Reproduce the entries shown below only from the line with "من البرد والقتال" down to the line with "Cutie 10 praline", keeping both end lines and copying each one exactly.
>>
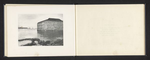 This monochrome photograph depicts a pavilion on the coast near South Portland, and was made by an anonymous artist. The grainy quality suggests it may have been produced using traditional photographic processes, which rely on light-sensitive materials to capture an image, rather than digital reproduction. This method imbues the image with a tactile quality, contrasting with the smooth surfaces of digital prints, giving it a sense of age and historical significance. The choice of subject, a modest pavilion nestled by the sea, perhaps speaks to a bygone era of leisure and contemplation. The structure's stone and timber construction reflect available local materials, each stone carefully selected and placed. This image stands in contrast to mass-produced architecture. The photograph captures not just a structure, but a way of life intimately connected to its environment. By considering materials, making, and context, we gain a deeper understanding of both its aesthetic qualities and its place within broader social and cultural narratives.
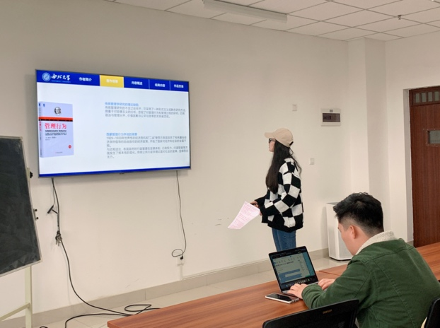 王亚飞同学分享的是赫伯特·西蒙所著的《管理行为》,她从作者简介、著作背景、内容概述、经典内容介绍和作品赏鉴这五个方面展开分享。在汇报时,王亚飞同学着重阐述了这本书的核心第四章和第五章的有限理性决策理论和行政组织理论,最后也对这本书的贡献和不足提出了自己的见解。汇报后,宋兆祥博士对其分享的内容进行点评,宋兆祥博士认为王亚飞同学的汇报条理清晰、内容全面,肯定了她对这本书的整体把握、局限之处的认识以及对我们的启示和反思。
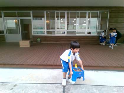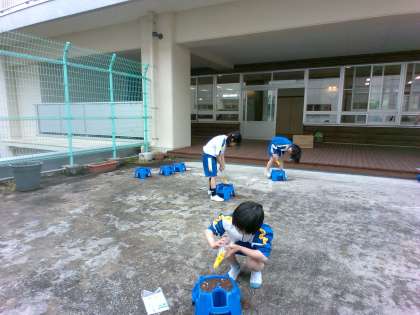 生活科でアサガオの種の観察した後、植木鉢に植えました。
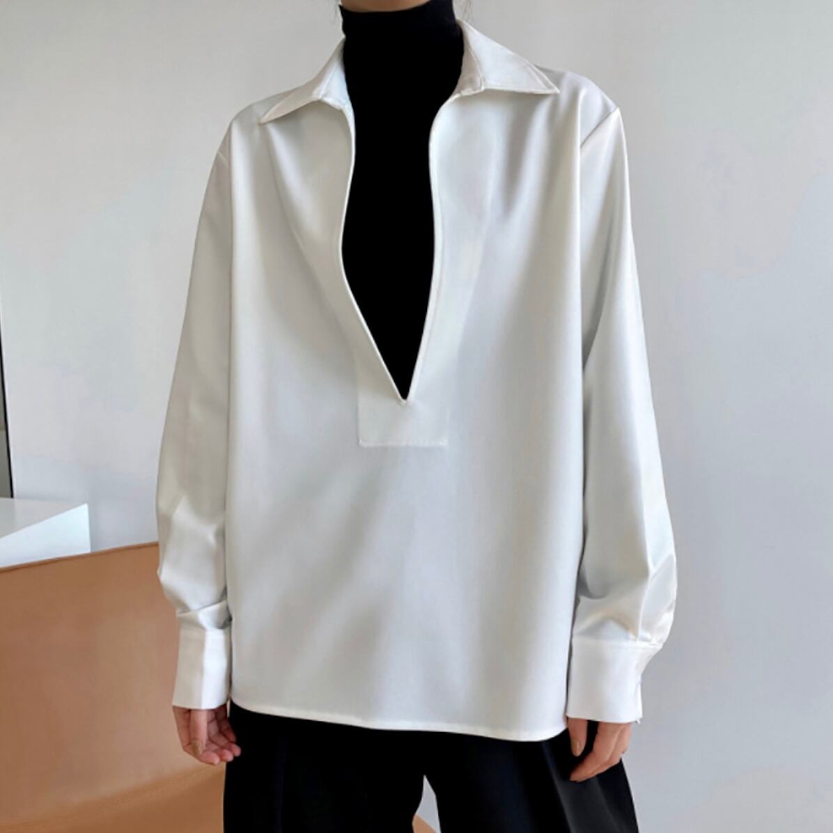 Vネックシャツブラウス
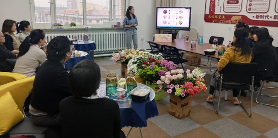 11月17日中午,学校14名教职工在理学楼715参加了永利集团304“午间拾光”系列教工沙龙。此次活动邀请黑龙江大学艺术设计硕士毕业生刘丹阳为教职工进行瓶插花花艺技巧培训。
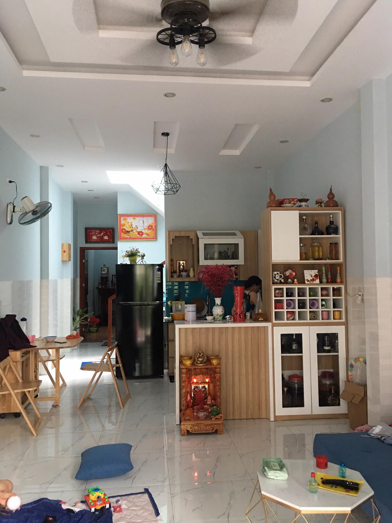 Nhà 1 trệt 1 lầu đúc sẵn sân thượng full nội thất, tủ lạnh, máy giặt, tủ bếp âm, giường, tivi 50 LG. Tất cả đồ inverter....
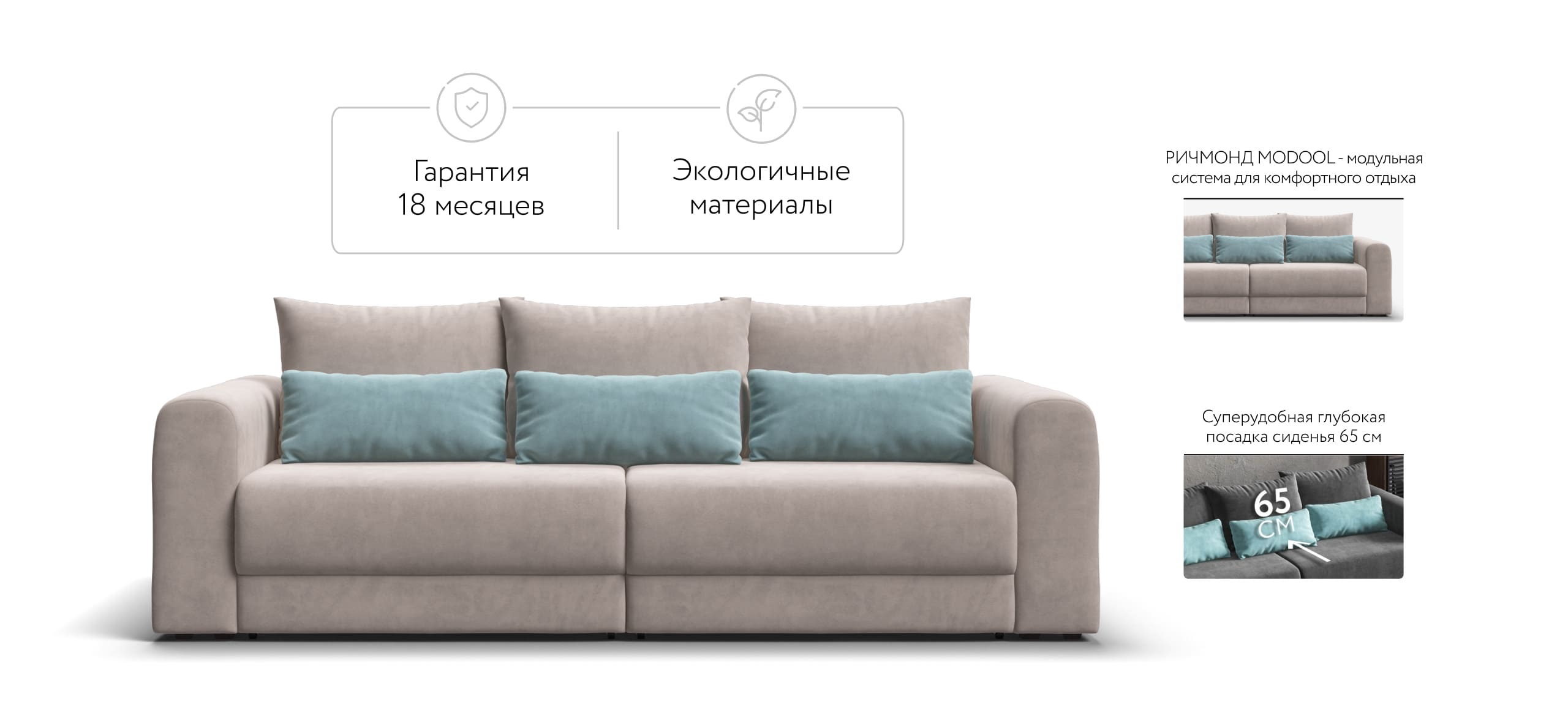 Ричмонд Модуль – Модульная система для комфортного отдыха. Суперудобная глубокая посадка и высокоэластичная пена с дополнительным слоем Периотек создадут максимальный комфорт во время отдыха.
<<
>>
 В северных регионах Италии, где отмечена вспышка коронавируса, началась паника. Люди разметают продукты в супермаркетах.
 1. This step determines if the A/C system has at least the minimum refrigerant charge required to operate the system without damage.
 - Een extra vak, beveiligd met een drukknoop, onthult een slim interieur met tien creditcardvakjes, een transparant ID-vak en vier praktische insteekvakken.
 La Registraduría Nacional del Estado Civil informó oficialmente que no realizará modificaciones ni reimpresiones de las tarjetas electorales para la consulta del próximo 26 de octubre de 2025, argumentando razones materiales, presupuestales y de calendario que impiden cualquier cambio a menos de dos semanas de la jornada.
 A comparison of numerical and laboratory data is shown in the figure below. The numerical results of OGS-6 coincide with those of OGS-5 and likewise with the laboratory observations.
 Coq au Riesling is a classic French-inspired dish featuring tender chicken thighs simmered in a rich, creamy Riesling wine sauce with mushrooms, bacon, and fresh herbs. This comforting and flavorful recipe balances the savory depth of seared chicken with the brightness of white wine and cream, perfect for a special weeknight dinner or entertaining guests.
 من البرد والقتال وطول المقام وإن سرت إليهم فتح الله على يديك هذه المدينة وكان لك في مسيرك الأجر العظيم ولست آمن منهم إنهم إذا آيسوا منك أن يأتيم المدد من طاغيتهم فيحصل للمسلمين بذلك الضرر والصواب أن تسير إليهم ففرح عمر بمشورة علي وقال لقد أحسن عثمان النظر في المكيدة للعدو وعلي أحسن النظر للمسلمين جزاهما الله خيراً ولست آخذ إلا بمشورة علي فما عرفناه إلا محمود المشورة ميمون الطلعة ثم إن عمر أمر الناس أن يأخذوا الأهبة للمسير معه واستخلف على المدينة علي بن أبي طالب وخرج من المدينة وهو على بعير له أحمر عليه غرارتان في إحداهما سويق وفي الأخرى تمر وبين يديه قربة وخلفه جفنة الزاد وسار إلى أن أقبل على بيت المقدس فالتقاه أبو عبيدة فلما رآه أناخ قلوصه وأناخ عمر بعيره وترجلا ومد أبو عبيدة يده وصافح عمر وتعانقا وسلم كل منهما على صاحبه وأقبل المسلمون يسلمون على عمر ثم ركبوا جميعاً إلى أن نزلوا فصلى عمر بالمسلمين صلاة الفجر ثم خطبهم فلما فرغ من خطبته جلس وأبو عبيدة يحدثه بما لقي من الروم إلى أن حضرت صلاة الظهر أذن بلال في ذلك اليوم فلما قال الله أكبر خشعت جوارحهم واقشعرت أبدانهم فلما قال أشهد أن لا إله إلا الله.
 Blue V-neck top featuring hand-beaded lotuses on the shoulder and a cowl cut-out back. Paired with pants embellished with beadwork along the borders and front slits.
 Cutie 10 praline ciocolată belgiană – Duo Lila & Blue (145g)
<<
### [SOLUTION TO THE PROBLEM]
 من البرد والقتال وطول المقام وإن سرت إليهم فتح الله على يديك هذه المدينة وكان لك في مسيرك الأجر العظيم ولست آمن منهم إنهم إذا آيسوا منك أن يأتيم المدد من طاغيتهم فيحصل للمسلمين بذلك الضرر والصواب أن تسير إليهم ففرح عمر بمشورة علي وقال لقد أحسن عثمان النظر في المكيدة للعدو وعلي أحسن النظر للمسلمين جزاهما الله خيراً ولست آخذ إلا بمشورة علي فما عرفناه إلا محمود المشورة ميمون الطلعة ثم إن عمر أمر الناس أن يأخذوا الأهبة للمسير معه واستخلف على المدينة علي بن أبي طالب وخرج من المدينة وهو على بعير له أحمر عليه غرارتان في إحداهما سويق وفي الأخرى تمر وبين يديه قربة وخلفه جفنة الزاد وسار إلى أن أقبل على بيت المقدس فالتقاه أبو عبيدة فلما رآه أناخ قلوصه وأناخ عمر بعيره وترجلا ومد أبو عبيدة يده وصافح عمر وتعانقا وسلم كل منهما على صاحبه وأقبل المسلمون يسلمون على عمر ثم ركبوا جميعاً إلى أن نزلوا فصلى عمر بالمسلمين صلاة الفجر ثم خطبهم فلما فرغ من خطبته جلس وأبو عبيدة يحدثه بما لقي من الروم إلى أن حضرت صلاة الظهر أذن بلال في ذلك اليوم فلما قال الله أكبر خشعت جوارحهم واقشعرت أبدانهم فلما قال أشهد أن لا إله إلا الله.
 Blue V-neck top featuring hand-beaded lotuses on the shoulder and a cowl cut-out back. Paired with pants embellished with beadwork along the borders and front slits.
 Cutie 10 praline ciocolată belgiană – Duo Lila & Blue (145g)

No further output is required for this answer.